Homesick
Chapter Three - Eindhoven

Sally paced her quarters lengthwise, staring at the floor beneath her grip-soled slippers. Occasionally she glanced down at the window to watch the planet drift in and out of view. She mentally replayed her conversation with Ian and Vlad. When she remembered the way they looked at her, she had to choke back a laugh. A year ago such a meeting would have seemed like surrealistic fantasy. She was a doctor originally and always would be. But a year ago that was all she was. She tended patients, monitored exercise rituals, and filled in health certificates. Suicidal rescue missions were not generally part of her job description. Not that there weren’t risks in medicine, but they were different risks. It wasn’t until she first met Ian that she got a taste of real danger. By a bizarre accident and a foolish risk, they discovered the fold and became the first humans to cross it. Suddenly they were heroes and she was more than a doctor. There first adventure had taken them into unfamiliar territory with no margin for error, but she wasn’t afraid. Then she thrived on the challenge. But not now. Ian was right about their chances. Their luck was running dangerously thin and they were grossly unmatched.

Up until that meeting she’d had the luxury of being captain mostly in name only. Her appointment had more to do with celebrity value than experience. By everyone’s expectations of the mission, that shouldn’t have been a problem, but now things had changed. Now, instead of a crew of dedicated explorers, she needed an army.
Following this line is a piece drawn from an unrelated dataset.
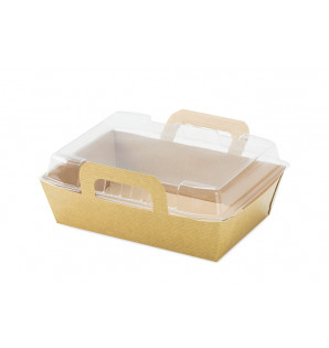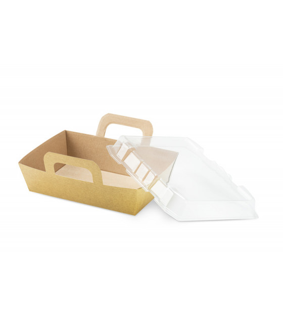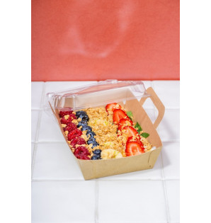 Barquette en carton kraft avec couvercle transparent à clipser en rPET.

And she could only draft those around her.

But, as hard as it had been to get this far, Sally had one more recruit to call in. She stopped pacing, took on a resolute stance, and operated the control on her wrist. The features of her quarters distorted, moving and re-shaping as her VR implant overrode her senses. The dull curved walls straightened and morphed into the crisp white stucco so common in Europe. An onyx colored marble fireplace contrasted with the wall like the black and white of piano keys. Sunshine filtered through a stained glass window, projecting a green diamond pattern onto the floor below. Sally glanced at the walls for new paintings. Jackie was talented but she’d been distracted since the mission. She could hear water running in the kitchen and the telltale sound of the wall-mounted water heater. The Dutch heated water in the pipes and only as needed. It came on with a roar whenever the hot water tap was open. Oddly, this had become a welcome sound of home.

Sally slowly walked towards the archway leading to the kitchen. Jackie was washing dishes. She had on a pair of cutoff jeans deliberately cut in such a way that one leg was grossly longer than the other. Her tie-died T-shirt was knotted, exposing her torso. Some weeks ago she’d threatened to have her hair dyed green and had apparently done so. And, as Sally came along side of her, she could see she wore an emerald nose ring to match.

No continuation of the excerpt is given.